Description of the task => Write out the records in full and without alteration, setting aside their pictures.

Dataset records
=====

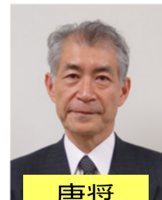
唐奨 本庶 佑
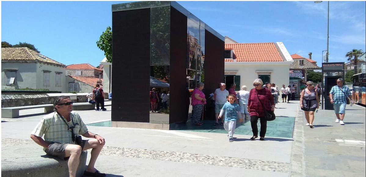
Prostor oko spomenika, Dubrovnik, 13.5.2017.
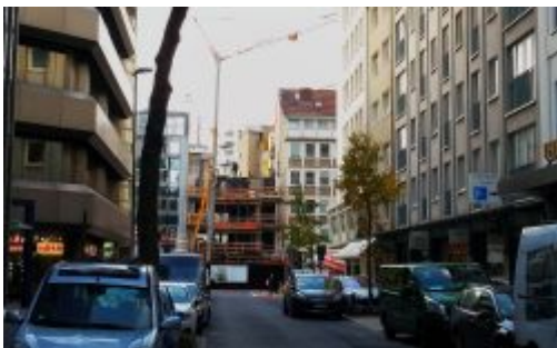
Neubau an der Friedrichstraße
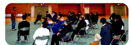
本宮中学校体育館での様子
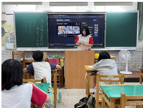
■學生上台分享「關於選擇.....」

=====

Response =>
唐奨 本庶 佑
Prostor oko spomenika, Dubrovnik, 13.5.2017.
Neubau an der Friedrichstraße
本宮中学校体育館での様子
■學生上台分享「關於選擇.....」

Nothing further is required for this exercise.